Given entries>
★ ★ ★ ★
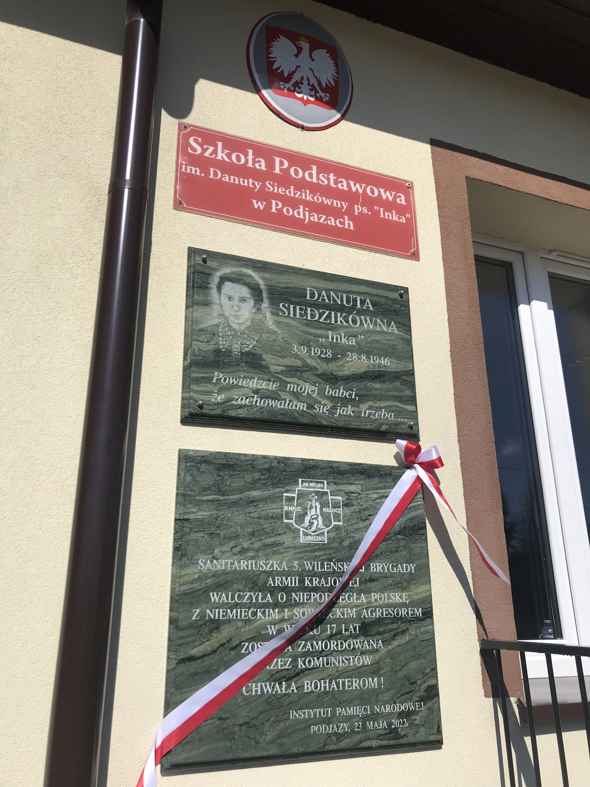 Tego dnia świętowano również 13. rocznicę nadania patronki tej szkole. Placówka jako pierwsza w kraju otrzymała imię Danuty Siedzikówny. Z tej okazji odsłonięto tablicę uzupełniającą dotychczasowe upamiętnienie z informacją, kim była i jak zginęła Inka.
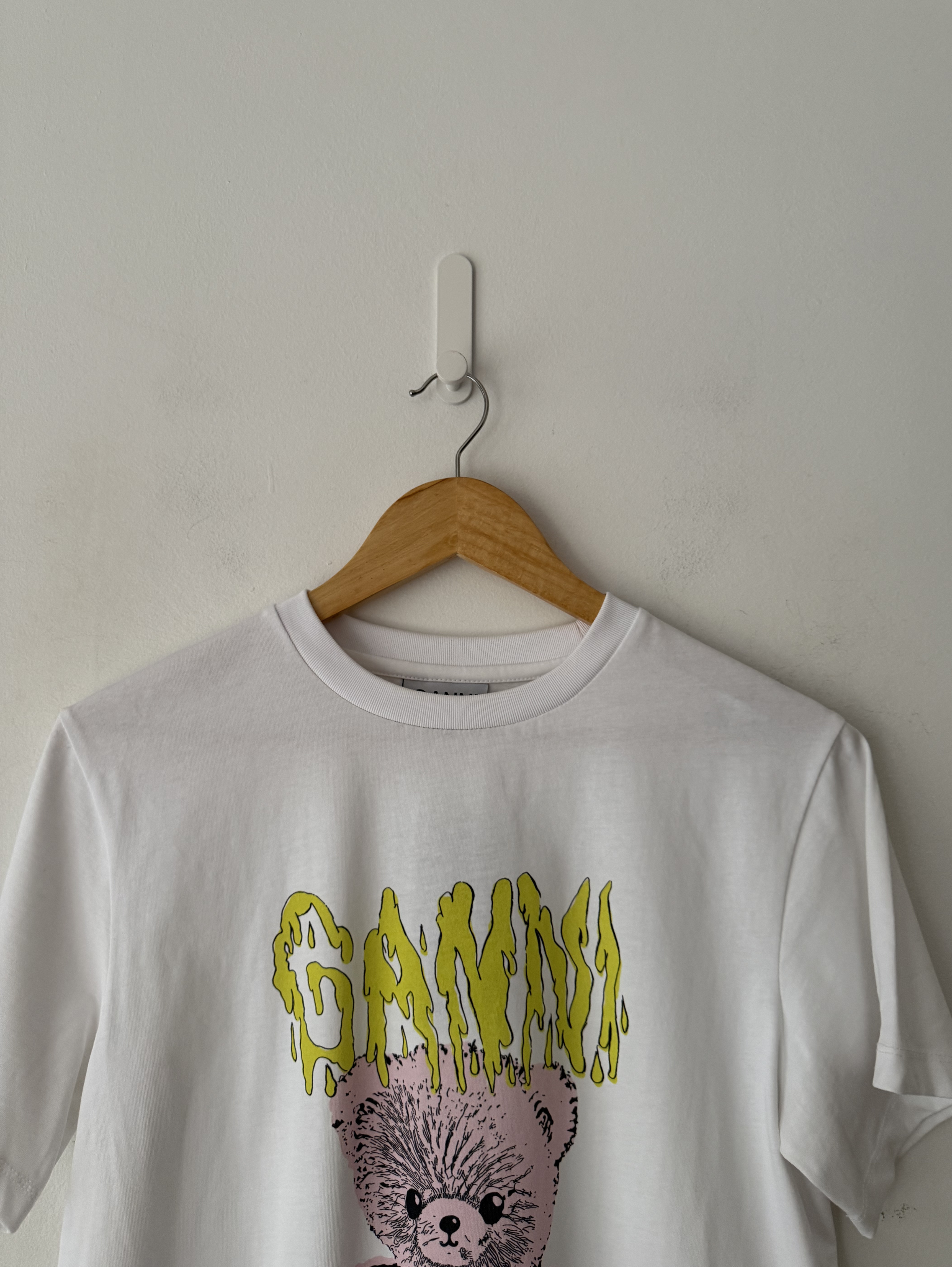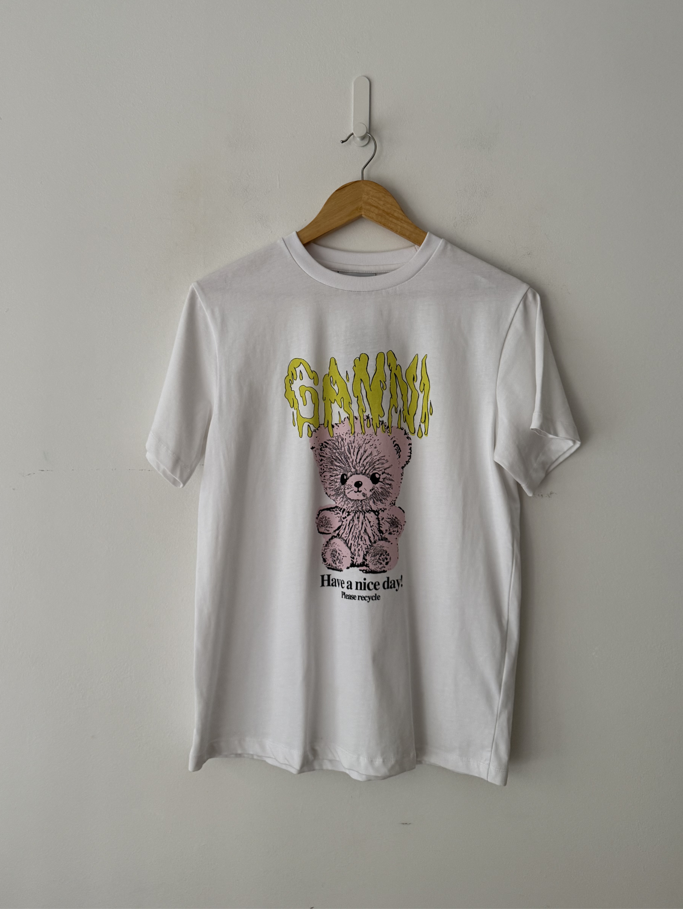 100% organic cotton, crew neck with short sleeves and teddy bear logo.
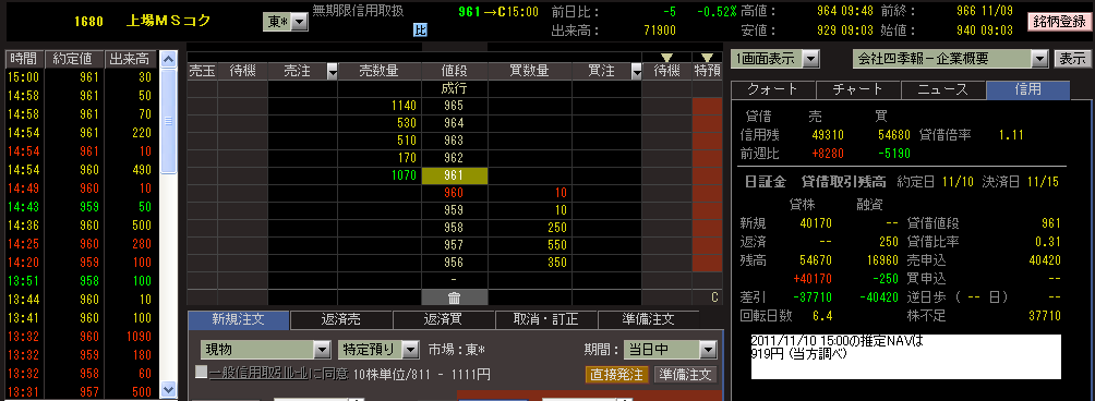 東証終値は961円(前日比-5円)
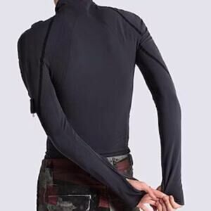 jersey, brand logo, two-tone, turtleneck, long sleeves, zipper closure, multipockets, stretch streetwear, punk, grunge, edgy, casual, comfortable, retro, vintage, athletic, alternative, urban, hip-hop, sporty,
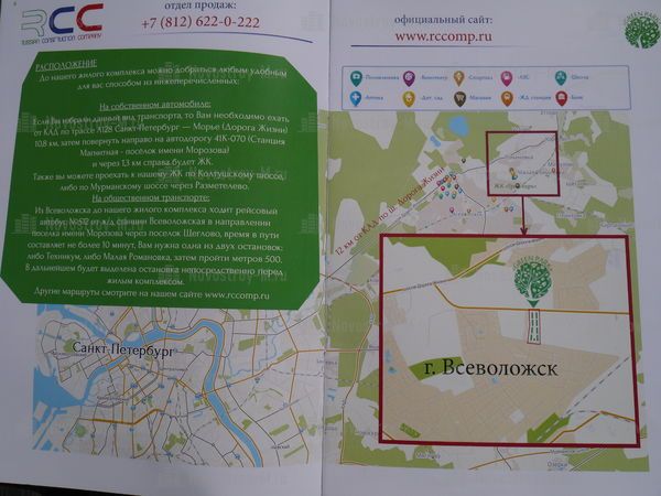 Расположение новостройки имеет свои плюсы и минусы. С одной стороны, достаточно близко - всего 11 километров от Ржевки, где проходит КАД и граница Санкт-Петербурга. Транспортное сообщение разнообразно: есть и железная дорога, и автобус №462, который с интервалом в полчаса следует до станции метро «Ладожская». С другой стороны, до ближайшей железнодорожной станции «Романовка» - 2 километра, а до остановки автобуса №462 полтора километра.
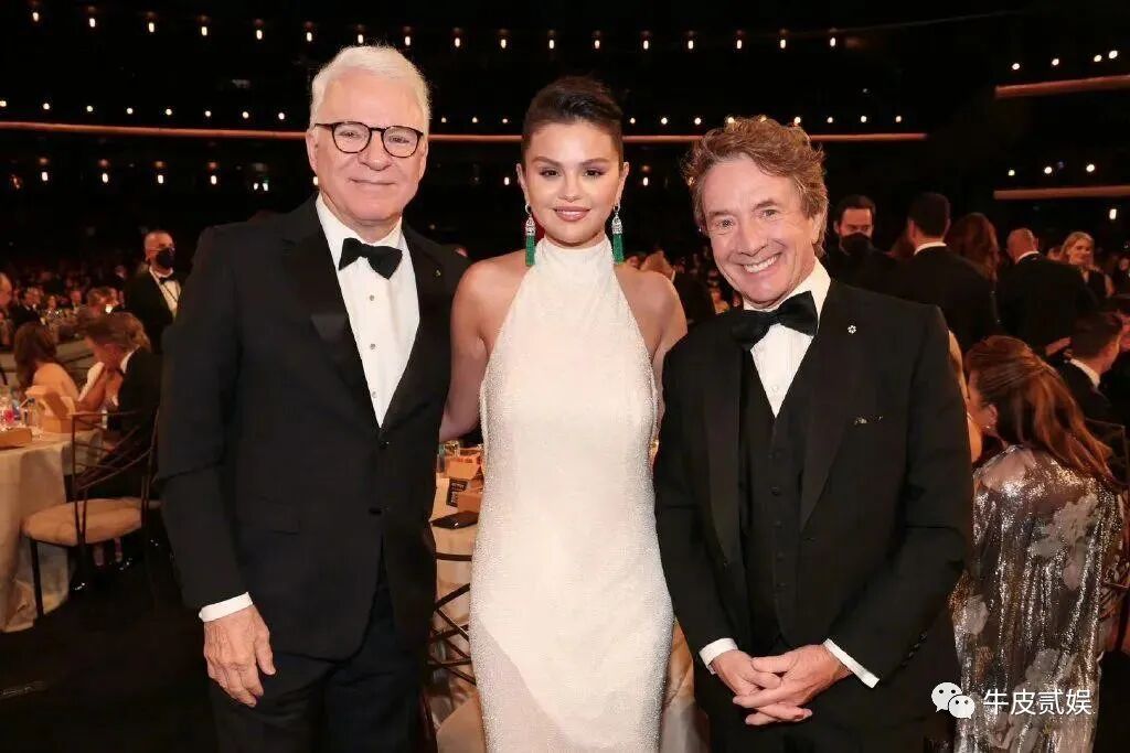 这次艾美奖《公寓大楼里的谋杀案》主演三人作为颁奖嘉宾齐上台,赛琳娜的白色挂脖礼服就很是出众。
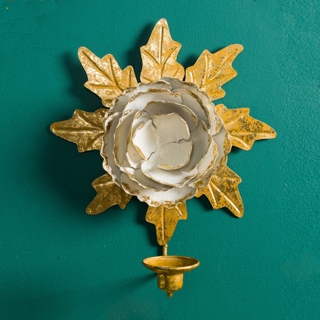 PEONY SUNBURST SCONCE., WHITE & GOLD
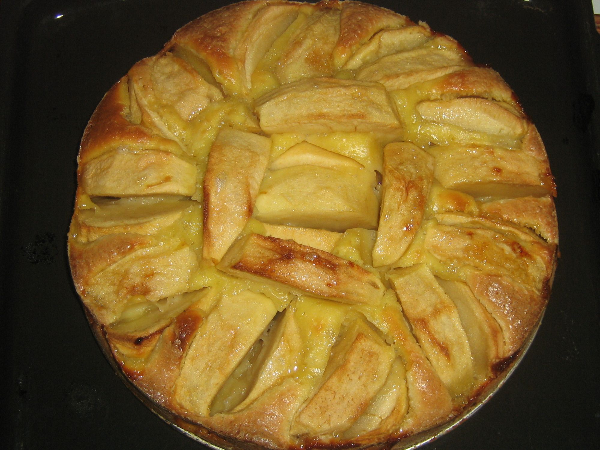 Versare il composto in una teglia imburrata ed infarinata di circa 27 cm, sistemare le mele a raggiera, spolverizzare con un pò di zucchero ed infornare a 180° per 35 minuti, finchè risulta dorata in superficie.
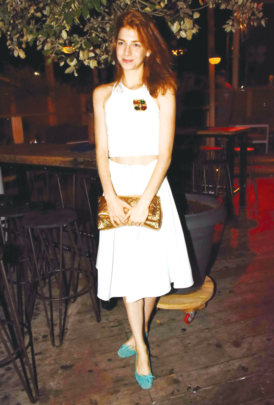 מאיה ורטהיימר לא חוששת להתאים גופייה לבנבנה סמי-שקופה חושפת בטן, לחצאית קצרצרה. הטוויסט: אקססוריז בהם סיכת דש בעלת נוכחות, תיק קלאץ' ונעליים, כולם בגווני טורקיז וזהב, שתואמים לשיערה האדמוני.
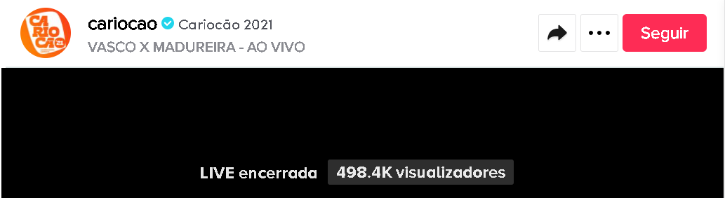O jogo da volta da semifinal da Taça Rio entre Vasco x Madureira, que foi transmitido ao vivo pelo TikTok oficial do Cariocão, teve quase 500 mil visualizações durante a transmissão.
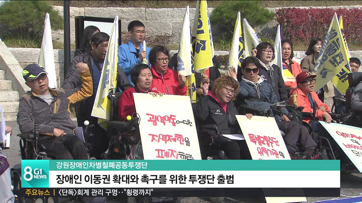 강원장애인차별철폐공동투쟁단은 오늘(16일), 강원도청 앞에서 '강원도 장애인 이동권 확대와 촉구를 위한 순회투쟁단' 출범 기자회견을 열었습니다.
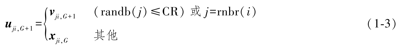 式(1-3)中randb( j )是第 j 个[0,1]之间的随机数,CR是[0,1]之间的交叉率,由用户决定,rnbr( i )是随机选中的{1,2,…, D }中的一个下标,以确保试验向量 u i , G +1 从变异后的向量 v i , G +1 中至少获得一个参数。
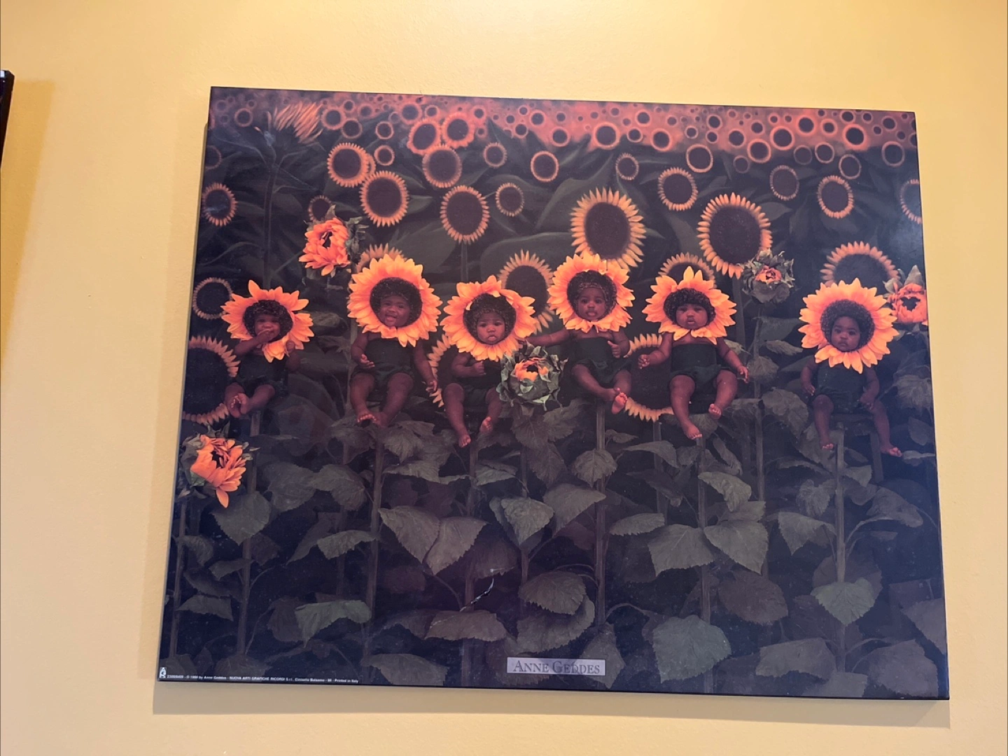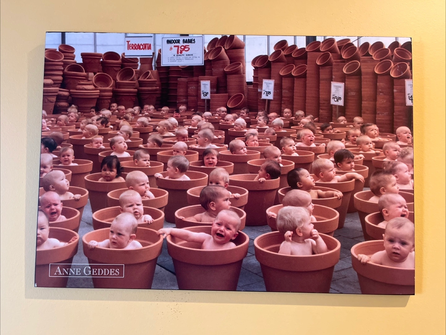 Four framed prints featuring iconic Anne Geddes baby photography. Various scenes depicted, including babies in terracotta pots and flowers. Excellent condition. Perfect for a nursery or child's room. $10 each
★ ★ ★ ★
Task requirements> From the first line to the last, repeat the records above exactly, leaving out the pictures.

Exercise output>
 Tego dnia świętowano również 13. rocznicę nadania patronki tej szkole. Placówka jako pierwsza w kraju otrzymała imię Danuty Siedzikówny. Z tej okazji odsłonięto tablicę uzupełniającą dotychczasowe upamiętnienie z informacją, kim była i jak zginęła Inka.
 100% organic cotton, crew neck with short sleeves and teddy bear logo.
 東証終値は961円(前日比-5円)
 jersey, brand logo, two-tone, turtleneck, long sleeves, zipper closure, multipockets, stretch streetwear, punk, grunge, edgy, casual, comfortable, retro, vintage, athletic, alternative, urban, hip-hop, sporty,
 Расположение новостройки имеет свои плюсы и минусы. С одной стороны, достаточно близко - всего 11 километров от Ржевки, где проходит КАД и граница Санкт-Петербурга. Транспортное сообщение разнообразно: есть и железная дорога, и автобус №462, который с интервалом в полчаса следует до станции метро «Ладожская». С другой стороны, до ближайшей железнодорожной станции «Романовка» - 2 километра, а до остановки автобуса №462 полтора километра.
 这次艾美奖《公寓大楼里的谋杀案》主演三人作为颁奖嘉宾齐上台,赛琳娜的白色挂脖礼服就很是出众。
 PEONY SUNBURST SCONCE., WHITE & GOLD
 Versare il composto in una teglia imburrata ed infarinata di circa 27 cm, sistemare le mele a raggiera, spolverizzare con un pò di zucchero ed infornare a 180° per 35 minuti, finchè risulta dorata in superficie.
 מאיה ורטהיימר לא חוששת להתאים גופייה לבנבנה סמי-שקופה חושפת בטן, לחצאית קצרצרה. הטוויסט: אקססוריז בהם סיכת דש בעלת נוכחות, תיק קלאץ' ונעליים, כולם בגווני טורקיז וזהב, שתואמים לשיערה האדמוני.
O jogo da volta da semifinal da Taça Rio entre Vasco x Madureira, que foi transmitido ao vivo pelo TikTok oficial do Cariocão, teve quase 500 mil visualizações durante a transmissão.
 강원장애인차별철폐공동투쟁단은 오늘(16일), 강원도청 앞에서 '강원도 장애인 이동권 확대와 촉구를 위한 순회투쟁단' 출범 기자회견을 열었습니다.
 式(1-3)中randb( j )是第 j 个[0,1]之间的随机数,CR是[0,1]之间的交叉率,由用户决定,rnbr( i )是随机选中的{1,2,…, D }中的一个下标,以确保试验向量 u i , G +1 从变异后的向量 v i , G +1 中至少获得一个参数。
 Four framed prints featuring iconic Anne Geddes baby photography. Various scenes depicted, including babies in terracotta pots and flowers. Excellent condition. Perfect for a nursery or child's room. $10 each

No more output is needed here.